One of the most memorable advertising lines of the 1990s came from Pirelli: Power is nothing without control.
It worked because it captured a simple truth that capability is not enough.
Performance depends on how intelligently that capability is directed. The same is now true in marketing: Reach is nothing without intelligence.
As the marketing industry debates identity, data infrastructure and who controls the pipes that connect brands to audiences, it risks missing the more important question: what kind of intelligence is being created before those audiences are activated?
For years, digital marketing has been built around the promise of reach, which made sense.
As consumer journeys became more fragmented, marketers needed better ways to recognise, reach and measure audiences across channels.
If someone browsed on one device, researched on another and purchased somewhere else, brands needed the ability to connect those moments.
But times have changed.
Most large brands can already reach millions of people across a wide range of digital, retail and media channels.
The harder question is not simply whether those audiences can be found, matched or expanded. It is whether they are more likely to convert and become valuable customers.
This is where the industry still risks putting too much emphasis on reach, and not enough on the intelligence needed to judge whether an audience is relevant, responsive and likely to create value.
Reach answers one question: “Can I find more people who look like this audience at scale?”
Intelligence answers a deeper one: “Who is most likely to respond, convert and create value?”
From “lookalikes” to “most-likely-to” audiences
Lookalike audiences help brands find more people who resemble existing customers.
Although useful, resemblance is not the same as readiness, intent, affordability, eligibility or value.
A consumer may look like a good prospect because they share similar demographic, location, browsing or media behaviors with an existing customer group.
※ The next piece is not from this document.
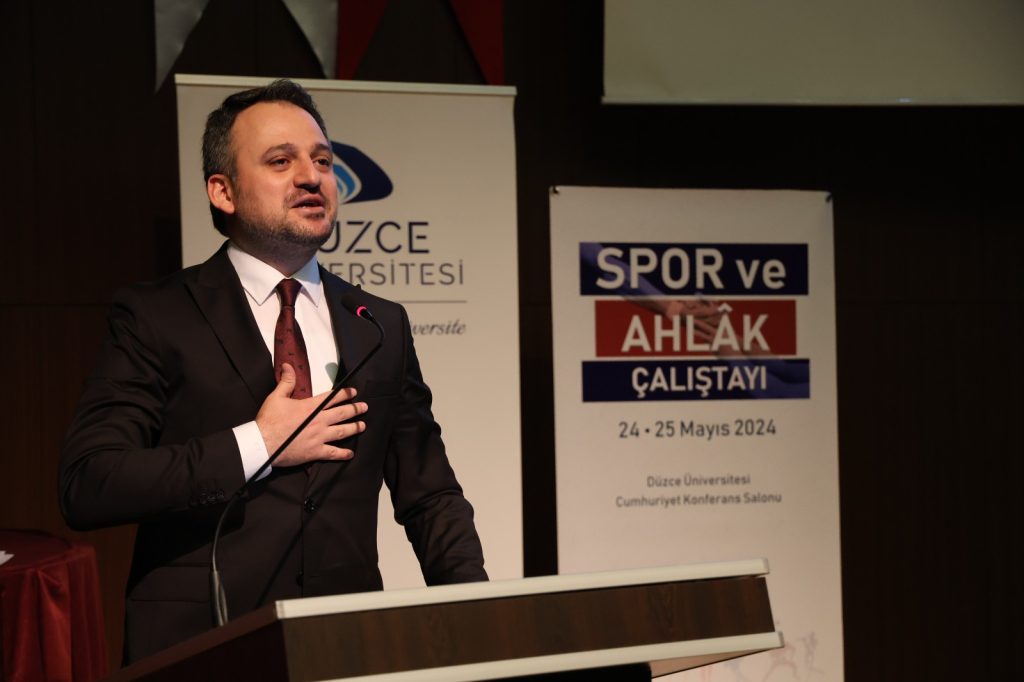 Düzce Valisi Selçuk Aslan, Sporda ahlakın güçlü bir şekilde tartışılması gerektiğine vurgu yaptığı konuşmasında sporun toplumu birleştirici bir unsur olduğunu da dile getirdi. “Çalıştayın, hayırlara vesile olmasını temenni ederken, Düzce Üniversites’ne ev sahipliği için teşekkürlerimi sunarım.” sözleri ile konuşmasını tamamladı.

But that does not necessarily mean they are likely to buy, switch, qualify, repay, remain loyal or become profitable.
Marketers should shift from targeting lookalikes to identifying the audiences most likely to respond and deliver value to the business.
For a consumer brand, that could mean understanding which shoppers are most likely to switch, respond to a specific offer, increase spend or become repeat customers.
For a bank, it could mean understanding who is likely to need a credit product, qualify for it, use it responsibly, repay and create sustainable long-term value.
Lookalikes extend reach, but “most-likely-to” audiences improve results by focusing spend on the people most likely to respond, convert and create value.
Better intelligence needs more than one view of the customer
Finding the “most-likely-to” audience requires intelligence that does not sit inside one company’s data alone. A brand may know its own customers well. It may know what they bought, when they last engaged, what products they use, what emails they open and how often they return.
But that is still only one view of the customer.
Retailers, banks, telcos and publishers each see different signals: shopping behavior, financial behavior, mobility, digital engagement, content interests and intent.
Each organisation sees a different part of the consumer’s life.
However, it’s not as easy as simply copying all of that data into one place or handing it from one company to another. That would create obvious privacy, security, regulatory and commercial concerns.
There’s a safer, more responsible and compliant way.
Privacy-preserving data collaboration
Privacy-preserving data collaboration allows organisations to safely combine different views of the consumer without sharing or exposing raw customer data.
This is the basis of Collaborative Consumer Intelligence: using combined consumer insight to improve audience judgement before activation.
The intelligence is created inside a safe, neutral collaboration environment where each organisation’s data remains protected. Using predictive modelling and AI-assisted analytics on anonymised data, brands can identify patterns that would not be visible from one company’s data alone.
The output is not a shared customer database. It’s a smarter audience, model or score that helps marketers understand who is most likely to respond, qualify, convert or create long-term value.
This intelligence allows marketers to ask better questions before activation begins:
- Which consumers are most likely to need this product?
- Which are likely to qualify or convert?
- Which are likely to remain valuable?
- Which audiences should be excluded because they are unlikely to benefit, qualify or engage?
Better intelligence reduces wasted spend
A campaign that reaches one million people may look impressive. But if only a small fraction are genuinely relevant, the brand pays for waste.
Media budgets are diluted, sales teams chase weak leads, consumers receive irrelevant offers, and customer acquisition costs rise while conversion rates suffer.
A smaller, better audience can outperform a larger one
In one campaign, a bank and a retailer used privacy-preserving data collaboration to securely analyse shared insights and determine which loyalty shoppers to target with a credit card offer.
Rather than advertising to every loyalty customer, the bank and retailer collaborated to target only shoppers whose behaviour suggested they were more likely to respond, qualify and convert.
while still improving performance. Click-through rates doubled, acquisition costs fell, and the campaign delivered a 728% return on investment.
The opportunity is to use data collaboration to make better decisions before activation begins.
Reach will still matter. But reach should be the final step, not the strategy.
The next phase of marketing will not be won by whoever can reach the most people, or even by whoever controls the pipes that make reach possible. It will be won by the brands that can safely build the intelligence to know which audiences are most relevant to reach in the first place.